* Exercise prompt *
When you write out the records, keep every word exact and drop the pictures.

* Stored data *
::::::::::

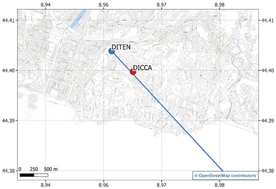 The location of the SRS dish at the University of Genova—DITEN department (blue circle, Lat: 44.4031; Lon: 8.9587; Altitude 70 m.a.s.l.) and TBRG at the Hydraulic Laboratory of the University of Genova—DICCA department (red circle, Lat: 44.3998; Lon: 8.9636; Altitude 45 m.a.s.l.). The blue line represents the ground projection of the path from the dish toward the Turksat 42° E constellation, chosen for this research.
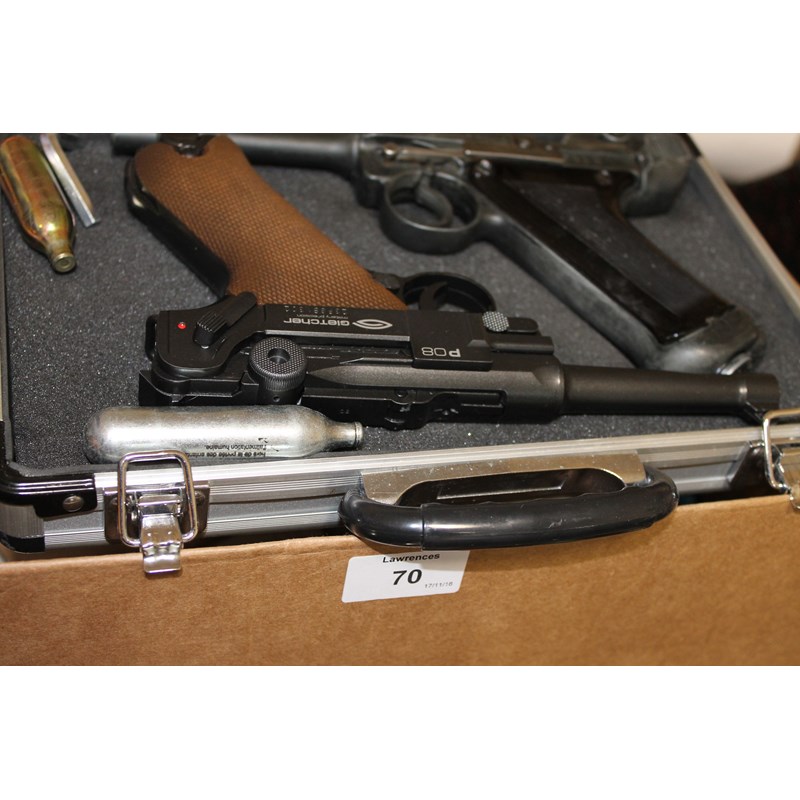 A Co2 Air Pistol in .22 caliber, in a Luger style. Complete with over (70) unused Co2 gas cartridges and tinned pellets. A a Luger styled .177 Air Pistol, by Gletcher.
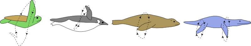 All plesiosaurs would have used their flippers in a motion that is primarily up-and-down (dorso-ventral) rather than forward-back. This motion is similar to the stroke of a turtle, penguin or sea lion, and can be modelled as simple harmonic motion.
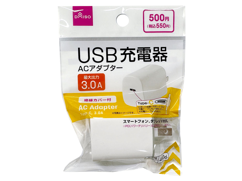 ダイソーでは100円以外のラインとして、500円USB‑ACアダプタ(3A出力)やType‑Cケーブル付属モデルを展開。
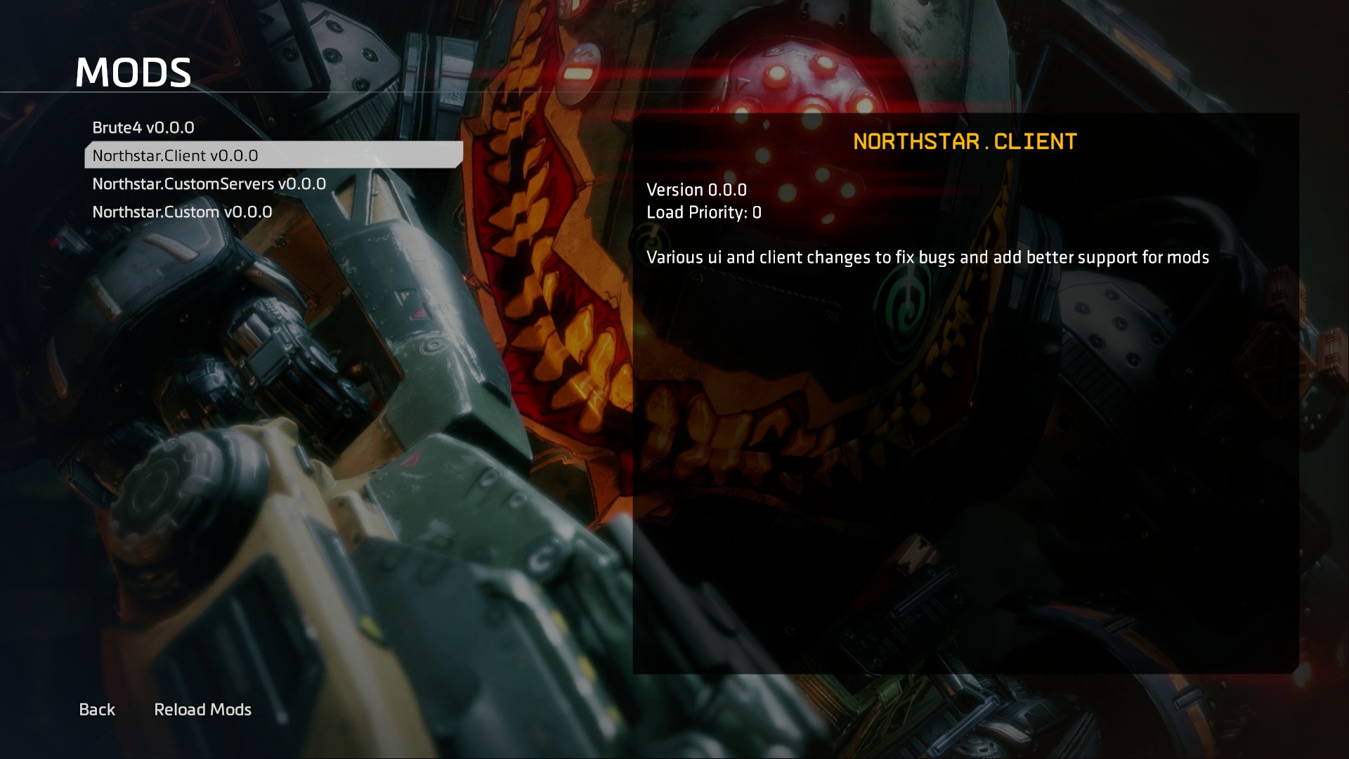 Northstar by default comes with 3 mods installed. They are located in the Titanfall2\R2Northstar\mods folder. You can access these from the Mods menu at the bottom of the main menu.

::::::::::

* Exercise output *
 The location of the SRS dish at the University of Genova—DITEN department (blue circle, Lat: 44.4031; Lon: 8.9587; Altitude 70 m.a.s.l.) and TBRG at the Hydraulic Laboratory of the University of Genova—DICCA department (red circle, Lat: 44.3998; Lon: 8.9636; Altitude 45 m.a.s.l.). The blue line represents the ground projection of the path from the dish toward the Turksat 42° E constellation, chosen for this research.
 A Co2 Air Pistol in .22 caliber, in a Luger style. Complete with over (70) unused Co2 gas cartridges and tinned pellets. A a Luger styled .177 Air Pistol, by Gletcher.
 All plesiosaurs would have used their flippers in a motion that is primarily up-and-down (dorso-ventral) rather than forward-back. This motion is similar to the stroke of a turtle, penguin or sea lion, and can be modelled as simple harmonic motion.
 ダイソーでは100円以外のラインとして、500円USB‑ACアダプタ(3A出力)やType‑Cケーブル付属モデルを展開。
 Northstar by default comes with 3 mods installed. They are located in the Titanfall2\R2Northstar\mods folder. You can access these from the Mods menu at the bottom of the main menu.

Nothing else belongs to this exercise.